South Korea was one of the worst-hit nations during the early stages of disease outbreak, but has remained to be one of the few that has managed to keep the situation under control without a lock down. The country followed the strategy of aggressive testing, contact tracing and isolation. On Thursday, the country recorded no new domestic cases for the first time in 10 weeks. There are more than 10,000 cases in the country, with 247 deaths.


Next, and probably one that you wouldn’t have thought about is Turkmenistan. A county with a population of 6,031,200 people. With its population of Six Million people, smaller than Sweden and much smaller than South Korea, is still a formatable population. So how is Turkmenistan handling the virus outbreak?

Turkmenistan is one of the few countries in the world with no reported cases of the disease as of now. While flights from Beijing and Bangkok and later all international flights were suspended during the disease outbreak and the country began to lift its citizens from other countries in February, no lock down measures have been imposed in the country as such. Even so, there are checkpoints to enter big cities and towns where passengers’ body temperatures are checked and traffic has been restricted between different provinces.

On April 25 and 26, thousands of spectators gathered in stadiums to celebrate Horse Day, a local holiday, where President Gurbanguly Berdymukhamedov’s horse was declared as the most beautiful by the judges.

But there is skepticism about the claim of having no cases of the disease as the country is believed to have one of the most repressive and secretive governments in Central Asia. On April 28, Radio Free Europe Radio Liberty reported that ahead of a visit to the country by WHO’s experts, authorities were clearing out hundreds of people from quarantine zones in an attempt to hide suspected cases of corona virus. Foreign Minister Rashid Meredov, however, maintains they are not hiding anything.

In fact, some news reports have claimed that the country “banned” the use of the word “corona virus” by media outlets and arrested people if they were found discussing it. One report in Radio Free Europe Radio Liberty said the state media was treating it as if the disease never existed as they are not saying anything about the effects of corona virus, “and the word has even been removed from health information brochures distributed in schools, hospitals and workplaces, according to Turkmenistan Chronicles, one of the few sources of independent news, whose site is blocked within the country,” the report said.

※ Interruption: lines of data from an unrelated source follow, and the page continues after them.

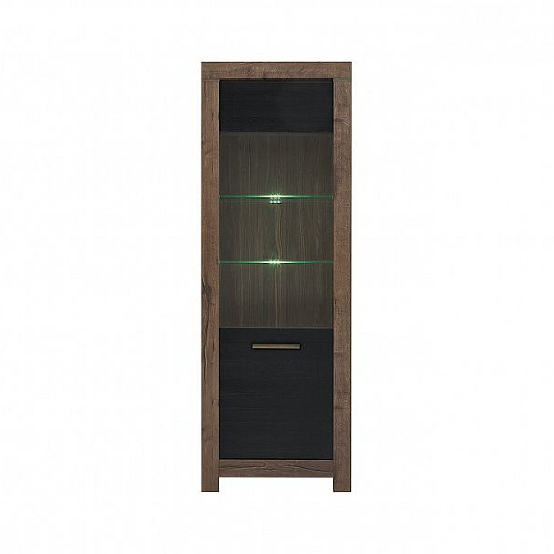 Je navržena v barevném provedení dub monastery/dub černý. Nábytek této obývací stěny vám umožní umístit do prostoru veškeré potřebné doplňky. Díky úložnému prostoru televizního stolku uspořádáte nejen časopisy či ovladače, ale do poliček můžete zakomponovat DVD přehrávač či herní konzoly. Vitríny se skleněným průhledem umožní vystavit dekorační předměty, na které bude vidět, ale přitom se na ně nebude prášit. Vystavené dekorace krásně zvýrazní LED osvětlení sklenených poliček, které je součástí vitrín.
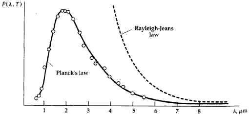 Classical physics could not explain the spectra of black bodies. It predicted that the intensity (power emitted at a given wavelength) of emitted light should increase rapidly with decreasing wavelength without limit (the "ultraviolet catastrophe"). In the figure below, the curve labeled "Rayleigh-Jeans law" shows the classically expected behavior.
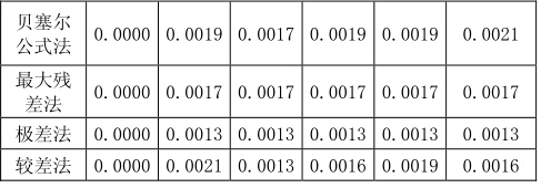 5減少測(cè)量次數(shù)為3次時(shí)各種估計(jì)方法的計(jì)算結(jié)果 理論上測(cè)量次數(shù)越多,隨機(jī)誤差越小。假設(shè)在和同環(huán)境下測(cè)量次數(shù)為3次,數(shù)據(jù)取自上試驗(yàn)中的前二次測(cè)量時(shí),各 種不同估計(jì)方法得山的標(biāo)準(zhǔn)偏差結(jié)果s (Pm)如下(單位:
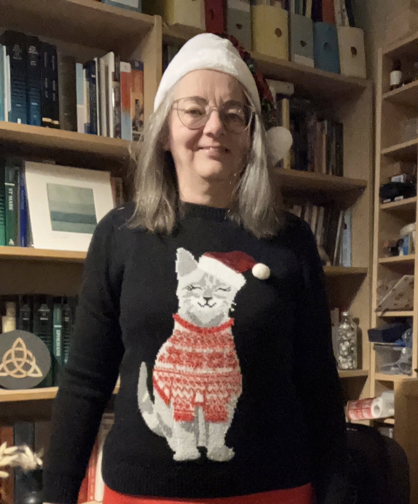 So, since, if you have an owl, you also need a pussy cat (if no beautiful pea-green boat) it's the Sophie jumper this morning. Over the coming days, look out for Sasha, Rudolph and others from my cheesy collection of jumpers!!

Last, but not least, as always is Tajikistan. A county with a population of 9,537,645 people. With its population of Nine Million people, smaller than Sweden and much smaller than South Korea, but larger than Turkmenistan. So how is Tajikistan handling the virus outbreak?

Tajikistan reported its first 15 cases of the disease on April 30. The schools have been closed since April 25 and its domestic football league was suspended on April 26. The country has largely been in denial about the spread of the disease in the country for the past few weeks.

According to Eurasianet, mass gatherings have been banned, including for Ramadan, and medical face masks have been mandatory.